(Beginning of Available data)

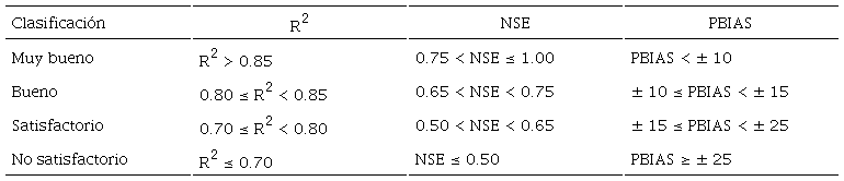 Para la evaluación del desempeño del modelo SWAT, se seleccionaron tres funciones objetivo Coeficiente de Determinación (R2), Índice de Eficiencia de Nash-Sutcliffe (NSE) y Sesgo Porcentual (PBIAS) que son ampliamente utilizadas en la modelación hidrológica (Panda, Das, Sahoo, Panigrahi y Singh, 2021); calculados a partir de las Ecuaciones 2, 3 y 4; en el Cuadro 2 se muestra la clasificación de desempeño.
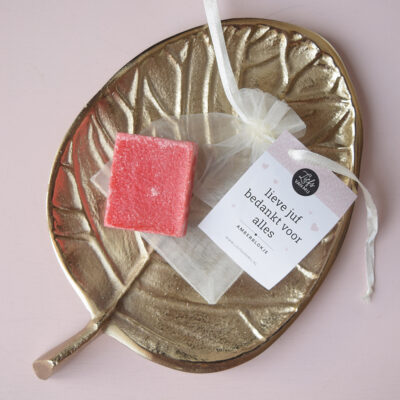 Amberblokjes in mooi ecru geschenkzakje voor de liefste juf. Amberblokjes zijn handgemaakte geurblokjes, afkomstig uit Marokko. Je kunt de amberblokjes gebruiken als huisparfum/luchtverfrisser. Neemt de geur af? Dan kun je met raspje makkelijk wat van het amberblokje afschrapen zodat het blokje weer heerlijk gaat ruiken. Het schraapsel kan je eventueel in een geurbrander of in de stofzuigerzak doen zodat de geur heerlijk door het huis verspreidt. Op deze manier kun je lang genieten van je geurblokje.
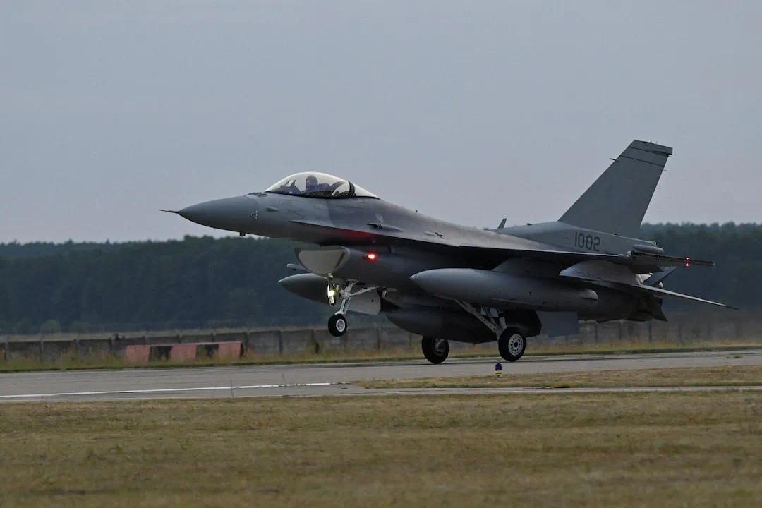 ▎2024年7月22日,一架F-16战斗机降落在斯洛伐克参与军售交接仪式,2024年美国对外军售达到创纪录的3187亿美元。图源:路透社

(End of Available data)
(Beginning of Available data)

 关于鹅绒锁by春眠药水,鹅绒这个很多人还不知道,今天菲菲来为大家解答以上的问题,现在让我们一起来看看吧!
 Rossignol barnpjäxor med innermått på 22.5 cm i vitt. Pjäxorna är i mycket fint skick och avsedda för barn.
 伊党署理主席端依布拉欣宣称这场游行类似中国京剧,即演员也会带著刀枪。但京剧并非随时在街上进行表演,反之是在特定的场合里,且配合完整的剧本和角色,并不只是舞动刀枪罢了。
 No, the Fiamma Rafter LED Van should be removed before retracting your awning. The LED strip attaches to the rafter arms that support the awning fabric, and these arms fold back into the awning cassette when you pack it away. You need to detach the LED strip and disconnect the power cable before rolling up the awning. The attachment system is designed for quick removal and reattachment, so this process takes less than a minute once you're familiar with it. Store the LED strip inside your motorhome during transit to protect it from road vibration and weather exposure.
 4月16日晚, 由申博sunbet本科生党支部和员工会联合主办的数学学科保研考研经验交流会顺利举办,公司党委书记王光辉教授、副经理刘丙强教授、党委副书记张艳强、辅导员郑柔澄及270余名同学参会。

(End of Available data)

• [What the task asks]: Retype the entries above exactly, but only from the line containing "No, the Fiamma" through the line containing "4月16日晚, 由申博sun", both included.

• [Your solution]:
 No, the Fiamma Rafter LED Van should be removed before retracting your awning. The LED strip attaches to the rafter arms that support the awning fabric, and these arms fold back into the awning cassette when you pack it away. You need to detach the LED strip and disconnect the power cable before rolling up the awning. The attachment system is designed for quick removal and reattachment, so this process takes less than a minute once you're familiar with it. Store the LED strip inside your motorhome during transit to protect it from road vibration and weather exposure.
 4月16日晚, 由申博sunbet本科生党支部和员工会联合主办的数学学科保研考研经验交流会顺利举办,公司党委书记王光辉教授、副经理刘丙强教授、党委副书记张艳强、辅导员郑柔澄及270余名同学参会。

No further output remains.